Os sindicatos galegos anunciaram hoje que vão esperar dois meses para que a Autoridade para as Condições de Trabalho, em Portugal e Espanha, termine com o dumping salarial na construção civil na Galiza.

 

Depois, segundo disse à agência Lusa o presidente da Confederação Intersindical Galega (CIG), avançam para «greves e manifestações de rua».

«Se daqui a dois meses as autoridades portuguesas e espanholas não tomarem medidas para acabar com a exploração dos trabalhadores da construção civil na Galiza, as greves e as manifestações de rua vão começar», sustentou Xosé Melon, presidente CIG.

O responsável sindical frisou que «os trabalhadores portugueses ganham menos, trabalham mais e não reclamam».

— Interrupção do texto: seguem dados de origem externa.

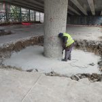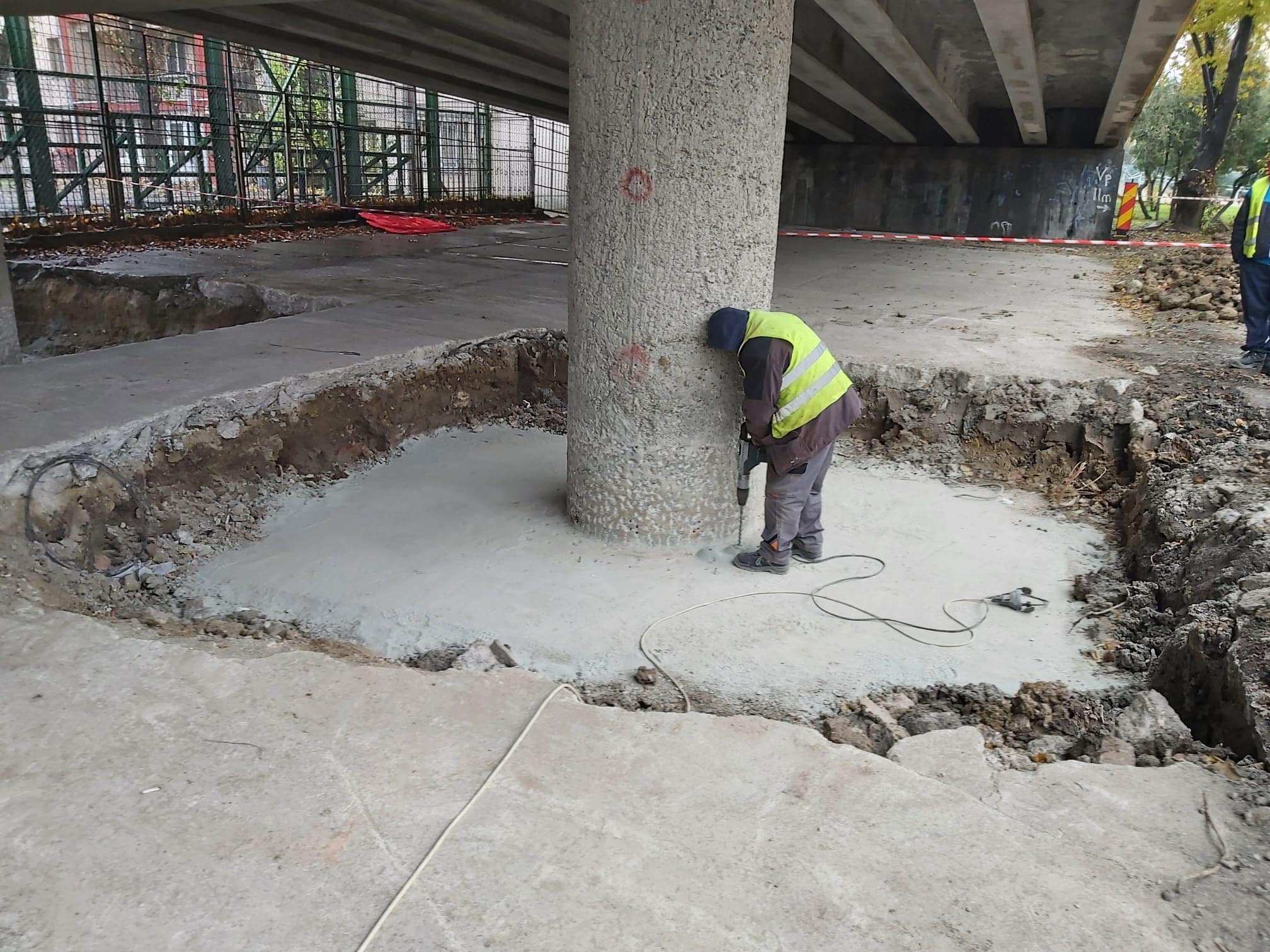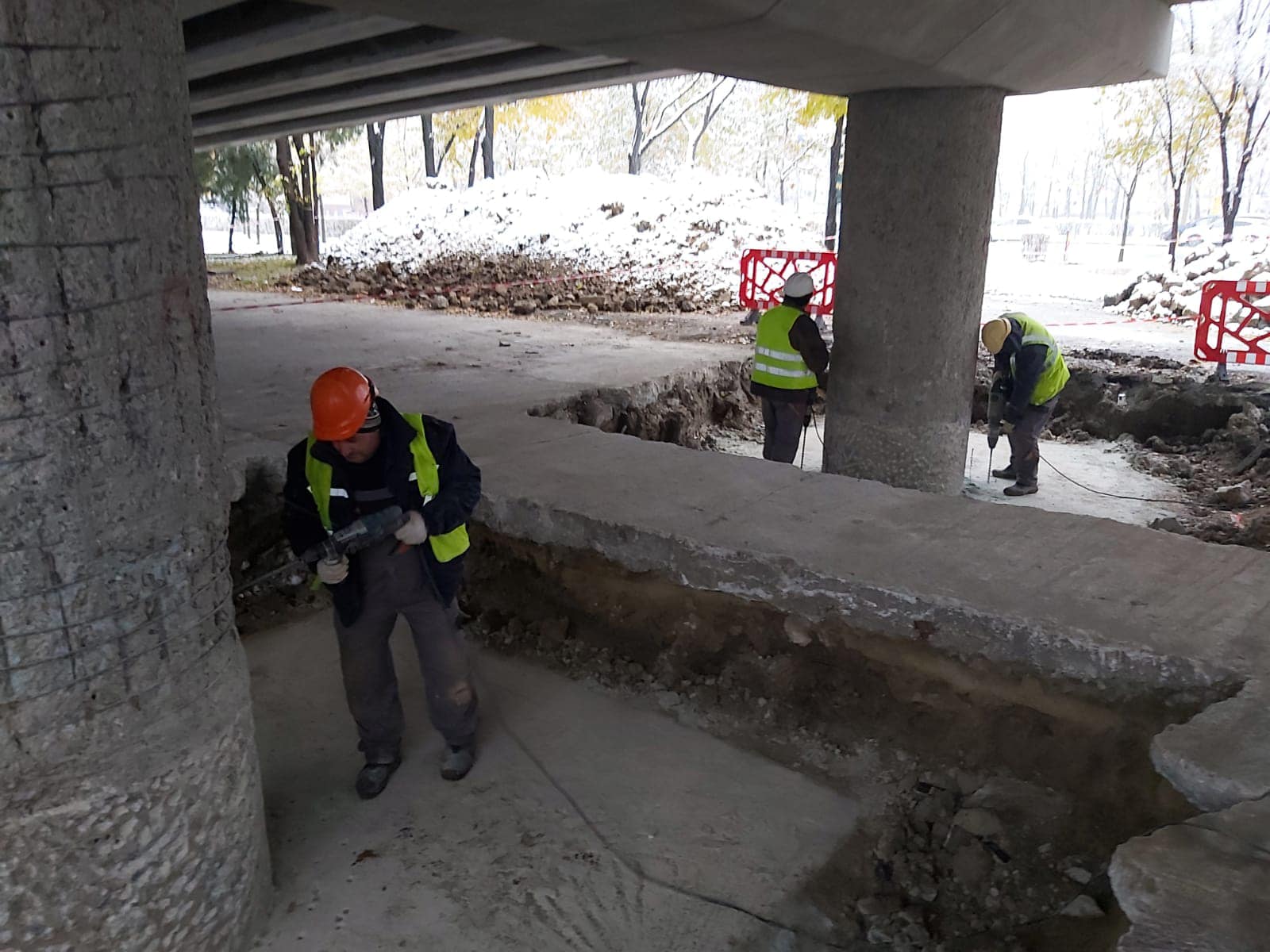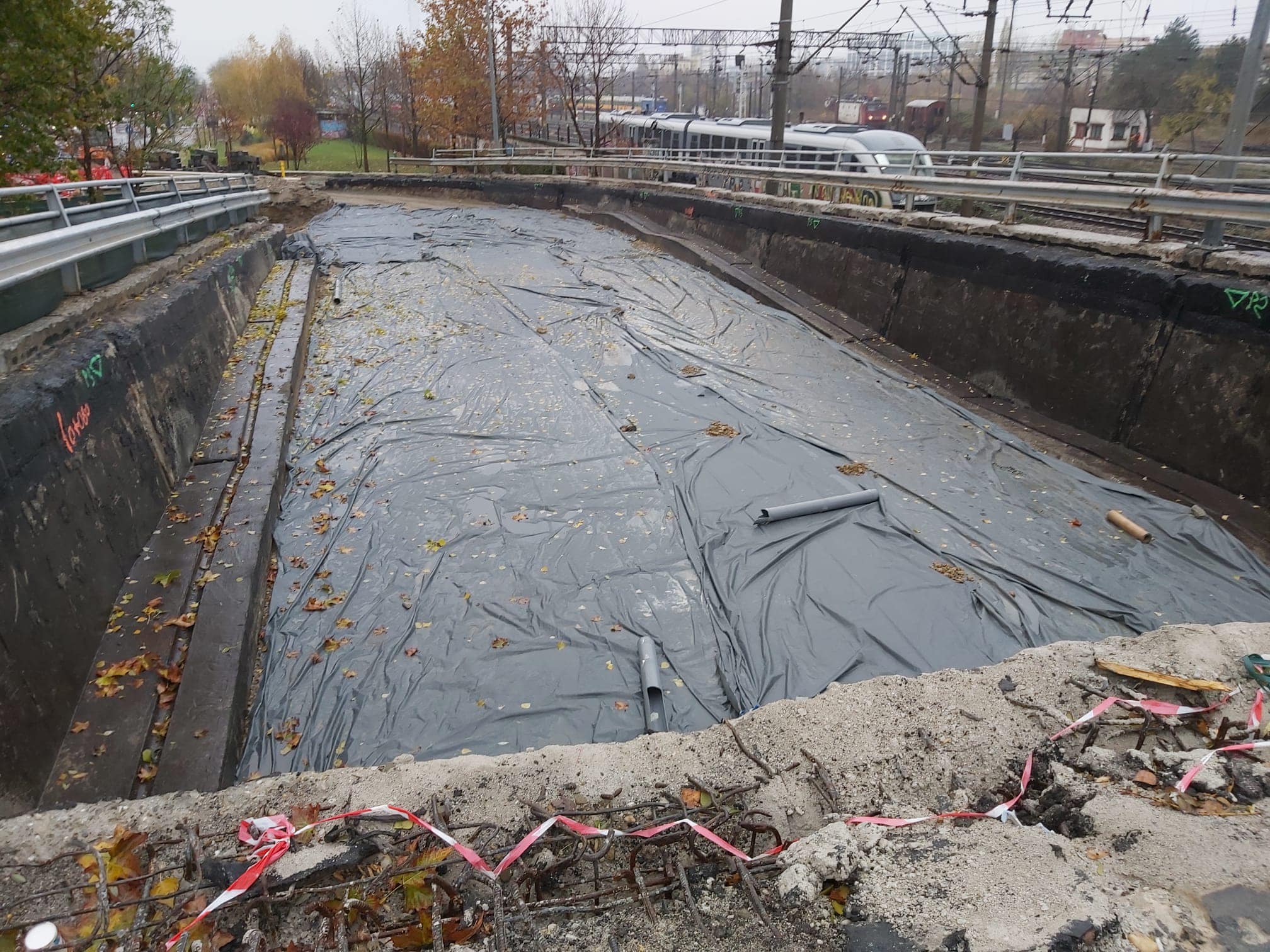 Zilele acestea se execută lucrări de armare și cofrare a cuvei aferente infrastructurii de tramvai, precum și reparații la grinzile și parapetele de pe pasajul principal.

A «vontade de trabalhar» demonstrada pelos portugueses está a causar, segundo Melon, problemas no sector da construção civil galega.

«Os patrões preferem os portugueses em vez dos galegos porque só pensam no lucro», disse, explicando assim o «dumping salarial» ou o «abaixamento dos salários pagos na construção».

Xosé Melon disse que «a situação piora de dia para dia» e que estão a chegar «cada vez mais portugueses à Galiza para trabalhar de qualquer forma, pondo em risco os direitos adquiridos pelos trabalhadores locais».

Uma delegação de sindicalistas da Galiza, juntamente com o Sindicato dos Trabalhadores da Construção Civil e Madeiras do Distrito de Braga, reuniu, hoje á tarde, em Guimarães, para debater a Emigração/Imigração entre o Norte de Portugal e a Galiza.

De acordo com os números oficiais da Junta da Galiza, estão legalmente a trabalhar naquela região catorze mil operários da construção civil portugueses.

«Os trabalhadores portugueses são invisíveis, a maioria vive em contentores junto às obras, trabalham sem horário, sem férias e sem direitos», salientou Xosé Melon.